## [TASK REQUIREMENTS]
Return, with both end lines included, exactly what the data below holds from the line with "博盈特焊涨4.50%,成交额6.55亿元,近5日主力净流入-5163.45万" through the line with "Dal 18 al 24", though not the pictures.

## [RECORDS SUPPLIED]
───
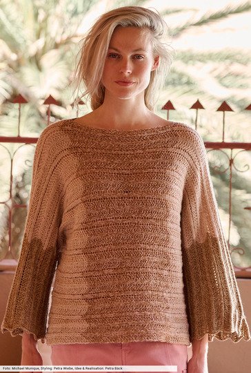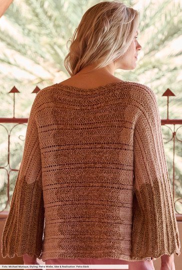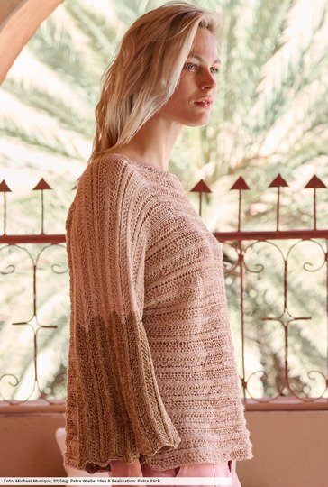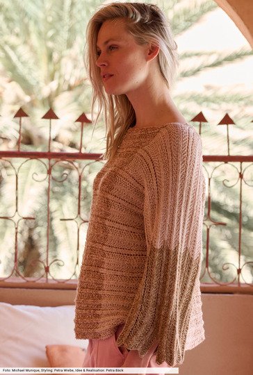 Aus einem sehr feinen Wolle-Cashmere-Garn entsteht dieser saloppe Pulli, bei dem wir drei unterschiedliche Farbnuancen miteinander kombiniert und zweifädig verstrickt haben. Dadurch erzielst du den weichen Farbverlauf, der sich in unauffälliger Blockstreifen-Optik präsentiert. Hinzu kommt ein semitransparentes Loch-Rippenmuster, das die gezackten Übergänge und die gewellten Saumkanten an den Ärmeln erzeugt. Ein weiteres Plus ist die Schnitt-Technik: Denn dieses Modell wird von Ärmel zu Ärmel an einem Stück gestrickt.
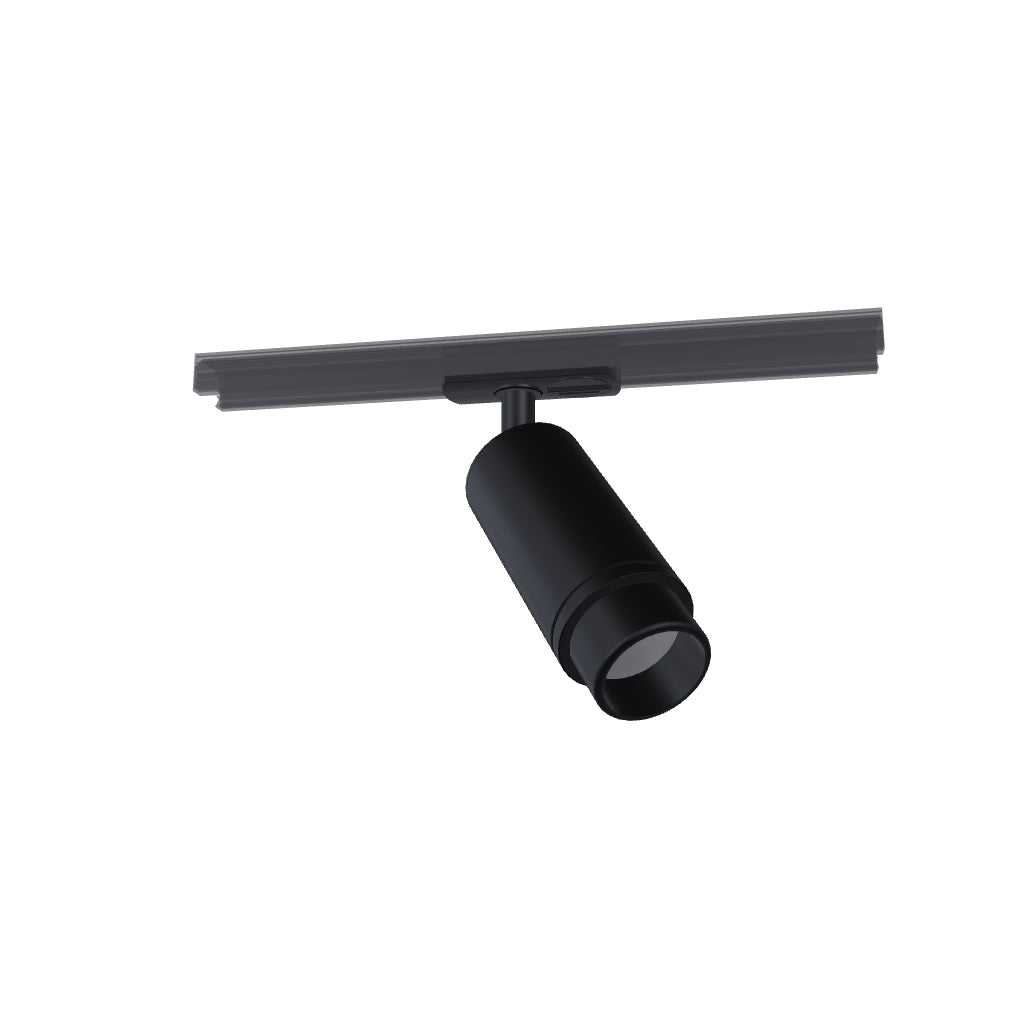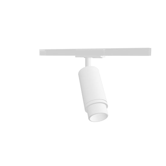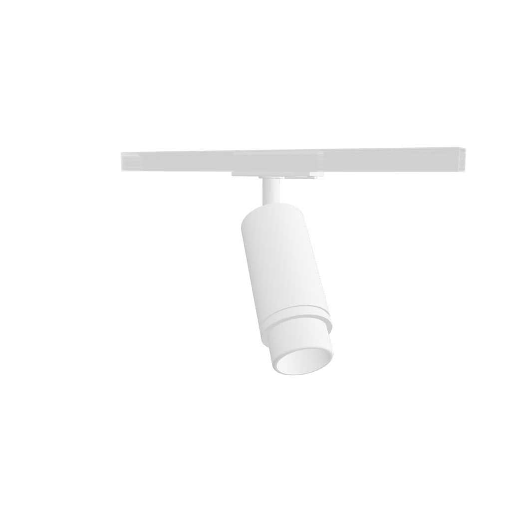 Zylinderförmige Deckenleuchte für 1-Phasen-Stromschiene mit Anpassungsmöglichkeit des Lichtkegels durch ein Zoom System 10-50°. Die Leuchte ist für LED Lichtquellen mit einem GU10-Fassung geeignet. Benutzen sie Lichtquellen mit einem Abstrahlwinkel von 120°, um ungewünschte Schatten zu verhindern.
───
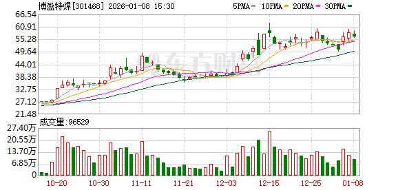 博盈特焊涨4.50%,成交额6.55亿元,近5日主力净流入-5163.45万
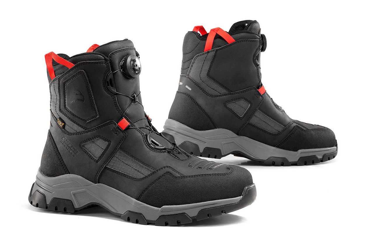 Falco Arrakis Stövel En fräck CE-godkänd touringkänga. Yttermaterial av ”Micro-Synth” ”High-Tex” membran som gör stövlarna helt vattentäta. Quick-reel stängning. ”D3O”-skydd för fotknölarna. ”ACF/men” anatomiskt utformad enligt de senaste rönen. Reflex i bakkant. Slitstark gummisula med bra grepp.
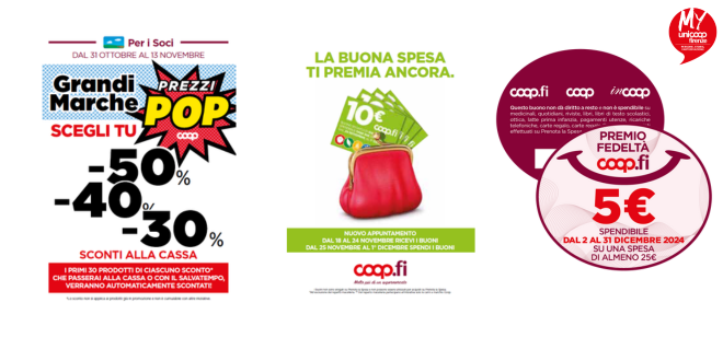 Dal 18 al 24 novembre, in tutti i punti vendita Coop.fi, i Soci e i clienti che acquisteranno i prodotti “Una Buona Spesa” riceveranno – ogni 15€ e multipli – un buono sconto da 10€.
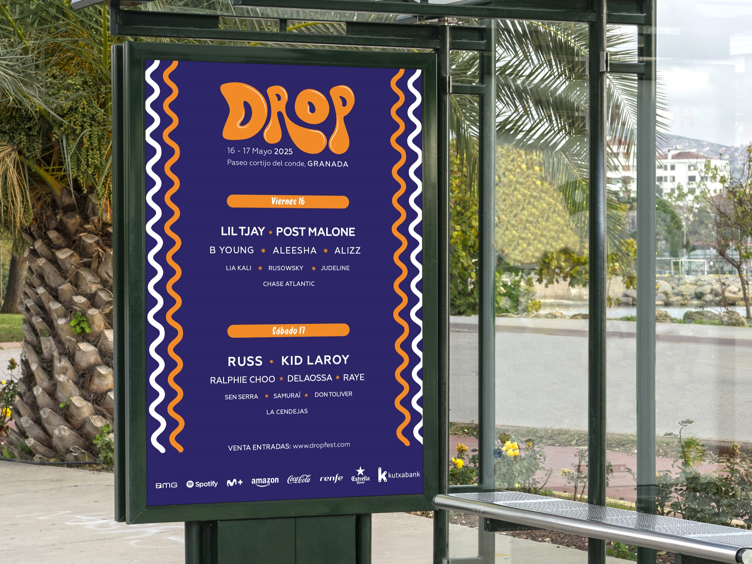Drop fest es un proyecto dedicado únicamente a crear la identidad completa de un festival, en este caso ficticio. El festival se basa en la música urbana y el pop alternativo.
───
## [OUTPUT BELOW]
 博盈特焊涨4.50%,成交额6.55亿元,近5日主力净流入-5163.45万
 Falco Arrakis Stövel En fräck CE-godkänd touringkänga. Yttermaterial av ”Micro-Synth” ”High-Tex” membran som gör stövlarna helt vattentäta. Quick-reel stängning. ”D3O”-skydd för fotknölarna. ”ACF/men” anatomiskt utformad enligt de senaste rönen. Reflex i bakkant. Slitstark gummisula med bra grepp.
 Dal 18 al 24 novembre, in tutti i punti vendita Coop.fi, i Soci e i clienti che acquisteranno i prodotti “Una Buona Spesa” riceveranno – ogni 15€ e multipli – un buono sconto da 10€.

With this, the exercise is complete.